Which is theoretically correct and everything, but if your company is based on te belief that it’s raining outside but another company is based on the belief that it’s not, you have to pander towards the want of your corporation in order to entice your reader demographic to actually buy and read your article. So your job, if you actually want to survive and make money as a journalist, is to write content that is in line with the beliefs of the media corporation that you write for.
That's partially true, but there is a reason why people at real news stations get fired if they get their details wrong... and then at this other station, which will not be named, they don't get fired when they spout lie after lie, flip flop and just say outrageous crap.
Your job is to see what the experts say, all of the experts not just one in ten thousand, and gather a consensus to put forward with notes at the end to make it clear where all of your information came with.

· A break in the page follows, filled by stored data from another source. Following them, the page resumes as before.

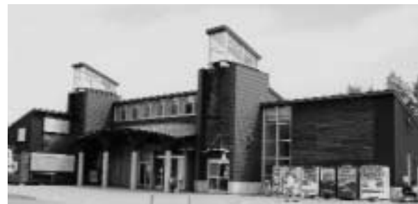
相生 振興公社 損益計算書 (平成25年4月1日から平成26年3月31日まで) 単位:千円
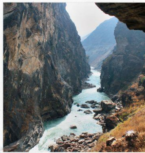
ช่องแคบเสือกระโดด
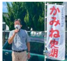
街頭でコロナ対策を訴え

私は、府議時代に骨髄バンクの実現に貢献し、減らされた保健所の復活や宇多野病院など国
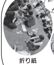
やさしく 折り紙 他:竹とんぼ 竹馬 紙ひこうき お手玉

You ask if they lied, from their perspective they did not. But from your perspective, is what they said true? So they did not lie, and it is not true. Perhaps that’s fine for you or I casually speaking. But when one takes the mantle of a professional in the media, or takes a position where their word becomes a platform, they have a higher standard, a higher responsibility. Things like details such as “it’s raining on the east side,” to at the very least fulfill the gradeschool structures of who, what, when, when, how, and why? To perhaps give some context. To hopefully do it all with objectivity, or make it clear if it is an editorial, and to balance the perspective of such content. Fact, truth, all humans are limited by our perspective of events, but true journalism is about trying to construct the most complete picture of an event and collect the information, then arrange it so that it can be digested by an average person.